Да и самому Мишутке раздумывать много не оставалось, вчерашние синяки надулись и словно ходили по телу, стреляя в бока и затылок, размялся кое-как Мишутка, продрал заспанные глаза кулаком, перекрестился, что цел, и, вспомнив страшного Нила и его опохмелку, со всех ног брызнул в село.
Оказались чудные дела.
С вечера все село переполошилось и встало на ноги от мала до велика, хотя за околицу выйти на ночь глядя никто не решился, стадо без пастухов прибежало само, лошади сперлись грудой в воротах и своротили вместе с ними повору, коровы растыкали друг дружке бока, проминая дорогу, овцы кучкой, как связанные, совались под ноги крупной скотине - забились опрометью, не разбирая дворов, и присмирели, поутру тишина в селе стояла зловещая, ни одна корова не мыкнула, дожидая Нилова рожка, понуро стояли в дворовых углах, как обиженные бабы, испуганными глазами глядя на хозяев.
Только к раннему утру все Чертухино вывалило на поле к лесу с вилами и топорами, с кольями за плечами, словно собрались какое поместье громить; видно было по всему, что стряслась большая небывальщина.
Хотя, если б не история с Нилом, небывалого мало: волков в нашей округе в старое время водилось без счету.
По летам зверя незаметно, разбивается он на семьи или в холостом виде бродит как неприкаянный с места на место, а вот как вывалит снег и установится санная дорога, тут всякого зверя, как в зеркале, видно, -бывало, в темную осеннюю ночь страшно было выйти из дома; горят с поповой горы волчьи глаза, разглядишь даже от страха в волчьем меркотном свете, как пролыснили снег на дороге последние сани!
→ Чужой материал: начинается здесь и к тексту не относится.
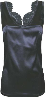 Нежнее нижнего… Чернее черного…Шелковый приталенный топ. Линия декольте украшена тончайшим кружевом ручной работы. Модель из коллекции BLACK&WHITE / LUXURY. Прямые широкие классические брюки с отворотами встретившись в одном наряде, дополнят ваш загадочный образ!

Скотину таскали из подворотни - небывалого мало, и не в том было все удивленье, что как вышли по Боровой дороге, так тут же почти у села наткнулись на чисто обглоданные коровьи косточки, черное овечье волокно висело по кустикам клочьями, словно черти тут дрались, гоняясь по кустам друг за дружкой, - самое главное то, что лежал вместе с задранной скотиной Нил неподалеку от дороги в приметных своих чунях по высокой портянке, фасонисто замотанной до коленок сыромятным ремнем.
Страшно было на Нила взглянуть: живот разворочен, как окоренок, и в нем в огустевшей крови пухла брюховина, перехлестанная кишками, отчего походила на поклажу, крепко увязанную в дальнюю дорогу и брошенную тут в спехах на съедение мухам, над кишками работали уже отяжелевшие от крови какие-то беленькие червоточки, а под глазом у Нила набух огромный синий волдырь, и из волдыря страшно поглядывал на мужиков остекленевший, тоже залитый кровью, перекошенный зрак.
- Вот те и звериное слово! - озадачились мужики. - Гляди, как обратали ловко: черви навалились!
- По всему, православные, это не волки, - отчеканил после долгого раздумья смекалистый мужик Семен Родионыч, - тоись оно, может, конешно, и волки, видать, что дело тут не без них, - прибавил он погодя, потому что все мужики удивленно и недоумело на него поглядели, - только, православные, все же очень чудно!
- Полно, Семен Родионыч, ничего нет чудного, зверю у нас самое место!
- Да нет, - упирался Семен Родионыч, - зверь в такую пору артелью не ходит!
- Не ходит! - охотно согласились чертухинцы.
- Ну, вот и смекай: тут дело нечисто!
- Да чего же еще чище: все на виду!
- То-то и дело, что вид - эна, под глазом!
- Полно, може, лошадь лягнула! Как бешеные вчера прибежали! В таком суматохе лошадь вскидывает пяткой, словно на свадьбе, по чему ни попало звизнет!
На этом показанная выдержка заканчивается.